1つは「ハルムとセイヤーの房(0.0284グラム)」と呼ばれるもので、ベートーベン自身が1826年4月にピアニストのアントン・ハルムに手渡し、後に伝記作家のアレクサンダー・ウィーロック・セイヤーに渡ったものです。もう1つは「ベルマンの房(0.0413グラム)」で、1820年後半から27年3月の間に切られたと推定されます。

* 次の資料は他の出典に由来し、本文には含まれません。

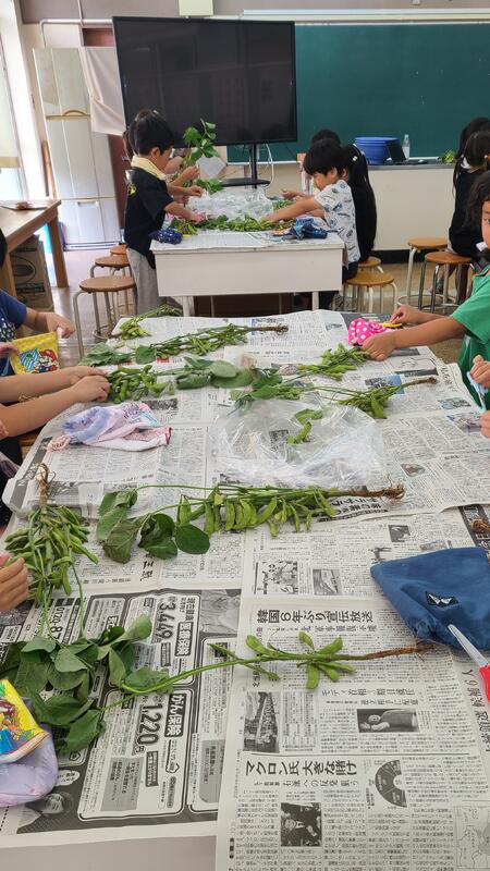 1年生が「枝豆のさや取り体験」を行いました。

研究者たちは、2房の髪の外部汚染を取り除くため洗剤で洗い、乾燥させてから2種の誘導結合プラズマ質量分析を行いました。その結果、ハルムとセイヤーの房では1グラムあたり380マイクログラムと369マイクログラム、ベルマンの房では1グラムあたり258 マイクログラムと254マイクログラムの鉛が検出されました。これは、通常範囲の上限(1グラムあたり4マイクログラム以下)のそれぞれ約95倍と約64倍に当たりました。

高濃度の重金属が毛髪に蓄積された理由

また、アメリカ疾病予防管理センター(CDC)が提案する毛髪鉛濃度から血中鉛濃度への変換式を使用すると、ベートーベンの血中鉛濃度は1デシリットル当たり69~71マイクログラムと推定されました。研究チームによると、このレベルの血中鉛濃度は一般的に胃腸障害や腎疾患、聴力低下と関連しますが、死亡の唯一の原因となる程度ではないと言います。

さらに、ベートーベンには梅毒にかかっていた疑惑がありますが、これまでは根拠が見つかりませんでした。ところが今回の研究では、2組の毛髪の両方からヒ素と水銀も検出され、通常範囲 (1グラム当たり1マイクログラム以下) と比べて、ヒ素は約13倍、水銀は約4倍と高濃度でした。水銀は梅毒の治療に使われるため、今後の研究次第では証拠の1つになるかもしれません。

毛髪になぜ高濃度の重金属が蓄積されたかについて、リファイ博士は①ワインの味付けに用いられていた、②当時、ドナウ川には産業廃液が流れ込んでいたが、そこで捕れた魚が消費されていた、③医療行為(晩年のベートーベンは金属機器を使って腹水を頻繁に抜いてもらっていた)などが考えられると語っています。

難聴や人格変化に苦しみながら「遺書」を記し、死後に原因を解明してほしいと切に願いつつ、その後25年間も美しい音楽を作り続けたベートーベン。200年後の科学技術で検証され、後世の人々が真相を理解すれば、きっと魂が慰められるでしょう。